In Great Britain and many European countries rain gauges have been established at a greater or less number of stations for many years past, and data thereby afforded for estimating approximately the rainfall of any given district or catchment basin. The term "watershed" is one which it appears to me is frequently misapplied; as I understand it, watershed is equivalent to what in America is termed the "divide," and means the boundary of the catchment area or basin of any given stream, although I believe it is frequently made use of as meaning the catchment area itself. When saying that the rain gauges already established in most of the older civilized countries afford data for an approximate estimate only, it is meant that an increase in the number of points at which observations are made is necessary, previous to the design of a reservoir dam on the catchment area above, the waters of which are proposed to be impounded, and should be continuous for a series of five or six years, and these must be compared with the observations made with the old established rain gauges of the adjacent district, say for a period of twenty years previously, and modified accordingly.
This is absolutely necessary before an accurate estimate of the average and maximum and minimum rainfall can be arrived at, as the rainfall of each square mile of gathering ground may vary the amount being affected by the altitude and the aspect as regards the rainy quarter.
But this information will be of but little service to the engineer without an investigation of the loss due to evaporation and absorption, varying with the season of the year and the more or less degree of saturation of the soil; the amount of absorption depending upon the character of the ground, dip of strata, etc., the hydrographic area being, as a rule, by no means equal to the topographic area of a given basin. From this cursory view of the preliminary investigations necessary can be realized what difficulties must attend the design of dams for reservoirs in newly settled or uncivilized countries, where there are no data of this nature to go on, and where if maps exist they are probably of the roughest description and uncontoured; so that before any project can be even discussed seriously special surveys have to be made, the results of which may only go to prove the unsuitability of the site under consideration as regards area, etc. The loss due to evaporation, according to Mr. Hawksley, in this country amounts to a mean of about 15 in.; this and the absorption must vary with the geological conditions, and therefore to arrive at a satisfactory conclusion regarding the amount of rainfall actually available for storage, careful gaugings have to be made of the stream affected, and these should extend over a lengthened period, and be compounded with the rainfall.
A certain loss of water, in times of excessive floods, must, in designing a dam, be ever expected, and under favorable conditions may be estimated at 10 per cent. of the total amount impounded.
As regards the choice of position for the dam of a reservoir, supposing that it is intended to impound the water by throwing an obstruction across a valley, it may be premised that to impound the largest quantity of water with the minimum outlay, the most favorable conditions are present where a more or less broad valley flanked by steep hills suddenly narrows at its lower end, forming a gorge which can be obstructed by a comparatively short dam.
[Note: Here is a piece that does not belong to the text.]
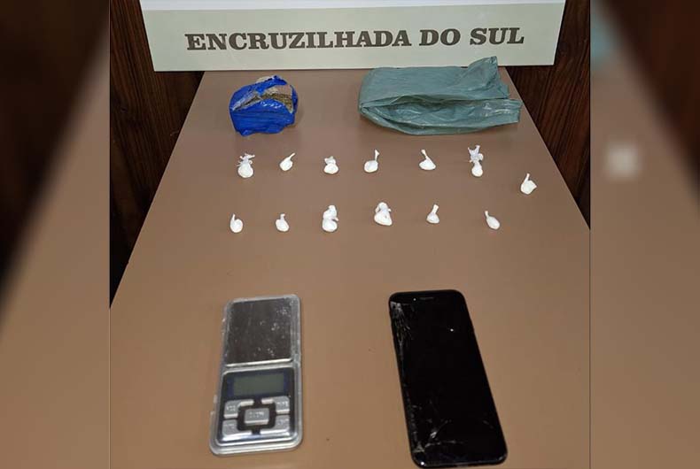 Ao perceber a presença dos policiais, o suspeito tentou fugir, mas foi alcançado logo em seguida. Em busca pessoal foi encontrada uma sacola contendo 13 buchas de cocaína, um tablete de maconha, uma balança de precisão e um celular. Ele foi preso em flagrante e conduzido à Delegacia de Polícia para o registro da ocorrência.

The accompanying condition is that the nature of the soil, i.e., the character, strata, and lie of the rock, clay, etc., as the case may be, is favorable to assuring a good foundation. In Great Britain, as a rule, dams for reservoirs have been constructed of earthwork with a puddle core, deemed by the majority of English engineers as more suitable for this purpose than masonry.
Earthwork, in some instances combined with masonry, was also a form usual in the ancient works of the East, already referred to; but it would appear from the experience of recent years that masonry dams are likely to become as common as those of earthwork, especially in districts favorable to the construction of the former, where the natural ground is of a rocky character, and good stone easily obtained.
As to the stability of structures of masonry for this purpose, as compared with earthwork, experience would seem to leave the question an open one. Either method is liable to failure, and there certainly are as many cases on record of the destruction of masonry dams as there are of those constructed of earthwork, as instanced in Algeria within the past few years. As regards masonry dams, the question of success does not seem so much to depend upon their design, as far as the mere determination of the suitable profile or cross section is concerned, as that has been very exhaustively investigated, and fairly agreed upon, from a mathematical point of view, but to be principally due to the correctness of the estimate of the floods to be dealt with, and a sufficient provision of by-wash allowed for the most extreme cases; and, lastly, perhaps the most important of all, the securing a thoroughly good foundation, and a careful execution of the work throughout.
These remarks equally apply to earthwork dams, as regards sufficient provision of by-wash, careful execution of work, and security of foundation, but their area of cross section, supposing them to be water-tight, on account of the flatness of their slopes and consequent breadth of base, is, of course, far in excess of that merely required for stability; but in these latter, the method adopted for the water supply discharge is of the very greatest importance, and will be again referred to.
Before commencing the excavation for the foundations of a dam, it is most essential that the character of the soil or rock should be examined carefully, by sinking a succession of small shafts, not mere borings, along the site, so that the depth to which the trench will have to be carried, and the amount of ground water likely to be encountered, can be reliably ascertained, as this portion of the work cannot be otherwise estimated, and as it may bear a very large proportion of the total expense of construction, and in certain cases may demonstrate that the site is altogether unsuitable for the proposed purpose.